通天教主则是拍了拍腰间的青萍剑,咧嘴一笑。
“镇元子道友,你就是活得太安稳了,瞻前顾后,顾虑太多。要我说,斩尸哪有那么复杂。”
“认准了那个最让你不痛快的念头,凝聚你所有的法力和意志,一剑劈下去就完了!大不了修养个几万年,再来一次!”
三清各自阐述着自己对斩三尸的理解,从无为、秩序、杀伐三个截然不同的角度,为镇元子和红云剖析着准圣大道的奥秘。
这场论道,就在这五庄观的后院里,悄然展开。
时光如白驹过隙。
大能论道,往往一开口便是沧海桑田。
天上的日升月落已经不知轮回了多少次,后院的人参果树又结出了一批新芽,随后又慢慢凋零。
转眼间,三千年的岁月便在这论道声中悄然流逝。
这三千年来,叶长青一直安静地坐在蒲团上旁听。
他偶尔也会在镇元子或者红云陷入沉思、无法理解三清话语中的深意时,用他那种带着现代逻辑的直白比喻,稍微点拨两句。
往往就是这两句简单的比喻,便能让两位大能茅塞顿开。
这也让镇元子对叶长青的评价再次拔高了一个层次,心中甚至生出了一种“此子日后成就必不可限量”的感慨。
当三千年的论道接近尾声时。
话题,自然而然地从枯燥的修炼法门,转移到了如今洪荒大地的局势上。
“哎。”
红云老祖端起一杯茶,重重地叹了一口气。
那张向来和善的脸上,罕见地露出了一丝愁容和不忍。
“这三千年来,我们虽然在这五庄观内清修。但我那红云阵法,却能感知到洪荒大地上那冲天的血煞之气。”
红云老祖痛心疾首地说道
“巫妖两族,为了争夺那一点地盘和气运,终日厮杀。无数底层生灵遭受池鱼之殃,流离失所,身死道消。这般造孽,何时是个头啊。”
镇元子也是眉头紧锁。
“大劫初起,这因果绞杀只会越来越惨烈。我等地仙,只能紧闭山门,护持一方水土罢了。”
红云老祖却摇了摇头,眼中闪烁着一种近乎执拗的光芒。
“镇元老友,我们既然修成了大罗金仙,有了这般神通,总不能眼睁睁看着洪荒生灵涂炭吧?”

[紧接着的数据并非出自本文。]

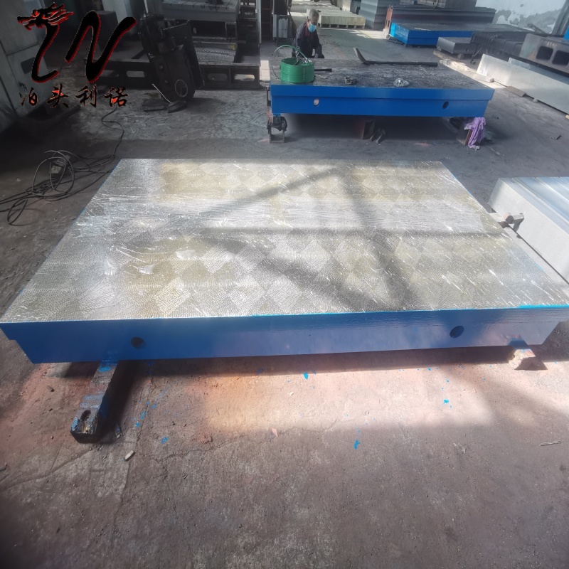 泊头市利诺工量具有限公司是铸铁平台生产厂家,铸铁平台生产厂家供应检测平台、焊接平台、铸铁平板一般单块规格为100x100mm-3000x8000mm,大于此规格时可以把多块拼接在一起使用,特殊规格可按图定制。产品以生铁为原材料经冶炼、铸造经人工时效或者自然时效处理,工作面经机械加工(刨、铣、磨)后再由本公司刮研、铲刮技术人员手工刮研、铲刮或者研磨制造而成,工作面上可加工V型、T型、U型槽和圆孔、长孔等。具有美观大方、稳定性好、精度高等特点,产品制造完成后应达到外部表面无缺陷,内部无气孔和砂眼的基本要求。
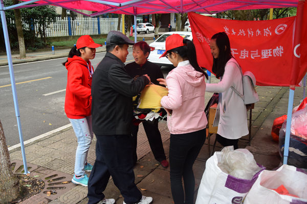 为了帮助贫困地区的家庭和孩子们度过寒冷的冬天,让他们感受到来自科大的温暖与爱心,10月29日,beat365青年志愿团与潇湘学院、生命科学学院学院等多个兄弟学院志愿团联合开展“情暖严冬,爱暖朝阳”旧衣物捐赠活动,并在南北校多地设点收集旧衣物。

“等过些时日,我打算亲自去一趟天庭,再去一趟盘古神殿。凭着我这张老脸,去劝劝帝俊太一和那些祖巫。”
“大家都是紫霄宫听道的同门,有什么事情不能坐下来谈呢?非要弄得你死我活。”
听到红云老祖这番天真到了极点的话。
正在喝茶的通天教主险些一口茶水喷出来。
元始天尊则是直接冷哼了一声,看红云的眼神就像是在看一个傻子。
“红云道友,你若是活腻了,大可直接去混沌里找个神雷撞死,何必去跑这一趟?”
通天教主毫不客气地讥讽道。
“你以为那帝俊和十二祖巫是什么善男信女?大劫当头,气运之争,那就是不死不休的局面。”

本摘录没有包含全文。